Dorian was so fortunate as to meet the flame-haired Captain almost face to face, and easily fell into step with him at the head of the march. Humphrey Pump walked on the other side, with the celebrated cask suspended round his neck by something resembling braces, as if it were a drum. Mr. Wimpole had himself taken the opportunity of his brief estrangement to carry the cheese somewhat more easily in a very large, loose, waterproof knapsack on his shoulders. The effect in both cases was to suggest dreadful deformities in two persons who happened to be exceptionally cleanly built. The Captain, who seemed to be in tearing and towering spirits, gained great pleasure from this. But Dorian had his sources of amusement too.

“What have you been doing with yourselves since you lost my judicious guidance?” he asked, laughing, “and why are parts of you a dull review and parts of you a fancy dress ball? What have you been up to?”

“We’ve been shopping,” said Mr. Patrick Dalroy, with some pride. “We are country cousins. I know all about shopping; let us see, what are the phrases about it? Look at those rifles now! We got them quite at a bargain. We went to all the best gunsmiths in London, and we didn’t pay much. In fact, we didn’t pay anything. That’s what is called a bargain, isn’t it? Surely, I’ve seen in those things they send to ladies something about ‘giving them away.’ Then we went to a remnant sale. At least, it was a remnant sale when we left. And we bought that piece of stuff we’ve tied round the sign. Surely, it must be what ladies called chiffon?”

Dorian lifted his eyes and perceived that a very coarse strip of red rag, possibly collected from a dust bin, had been tied round the wooden sign-post by way of a red flag of revolution.

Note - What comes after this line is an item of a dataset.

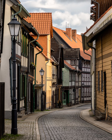 Wernigerode, Saxony-Anhalt, Germany, 29 October 2022: Historic old vintage colored timber frame houses in medieval town, UNESCO World Heritage city, half-timbered home at sunny autumn day, cobblestone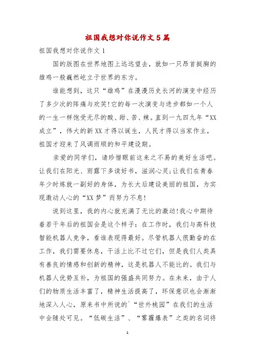 祖国我想对你说作文5篇祖国我想对你说作文1国的版图在世界地图上远远望去,就如一只昂首挺胸的雄鸡一般巍然屹立于世界的东方。

“Not what ladies call chiffon?” inquired the Captain with anxiety. “Well, anyhow, it is what chiffoniers call it. But as I’m going to call on a lady shortly, I’ll try to remember the distinction.”

“Is your shopping over, may I ask?” asked Mr. Wimpole.

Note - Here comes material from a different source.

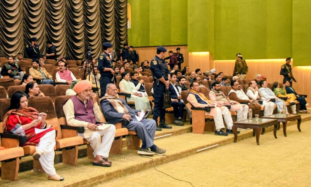 पंचकूला , 14 दिसंबर। हरियाणा के मुख्यमंत्री नायब सिंह सैनी और भाजपा के प्रदेश अध्यक्ष पंडित मोहन लाल बड़ौली ने पंचकूला स्थित भाजपा प्रदेश कार्यालय पंचकमल के अटल सभागार में मंत्रियों, विधायकों, जिला अध्यक्षों, जिला प्रभारियों सहित करीब 200 पार्टी पदाधिकारयों के साथ बैठकर बड़ी स्क्रीन पर लोकसभा में दिए गए केंद्रीय गृहमंत्री अमित शाह के भाषणा को सुना।

“All but one thing,” answered the other. “I must find a music shop–you know what I mean. Place where they sell pianos and things of that sort.”

“Look here,” said Dorian, “this cheese is pretty heavy as it is. Have I got to carry a piano, too?”

“You misunderstand me,” said the Captain, calmly. And as he had never thought of music shops until his eye had caught one an instant before, he darted into the doorway. Returning almost immediately with a long parcel under his arm, he resumed the conversation.

“Did you go anywhere else,” asked Dorian, “except to shops?”

“Anywhere else!” cried Patrick, indignantly, “haven’t you got any country cousins? Of course we went to all the right places. We went to the Houses of Parliament. But Parliament isn’t sitting; so there are no eggs of the quality suitable for elections. We went to the Tower of London–you can’t tire country cousins like us. We took away some curiosities of steel and iron. We even took away the halberds from the Beef-eaters. We pointed out that for the purpose of eating beef (their only avowed public object) knives and forks had always been found more convenient. To tell the truth, they seemed rather relieved to be relieved of them.”

“And may I ask,” said the other with a smile, “where you are off to now?”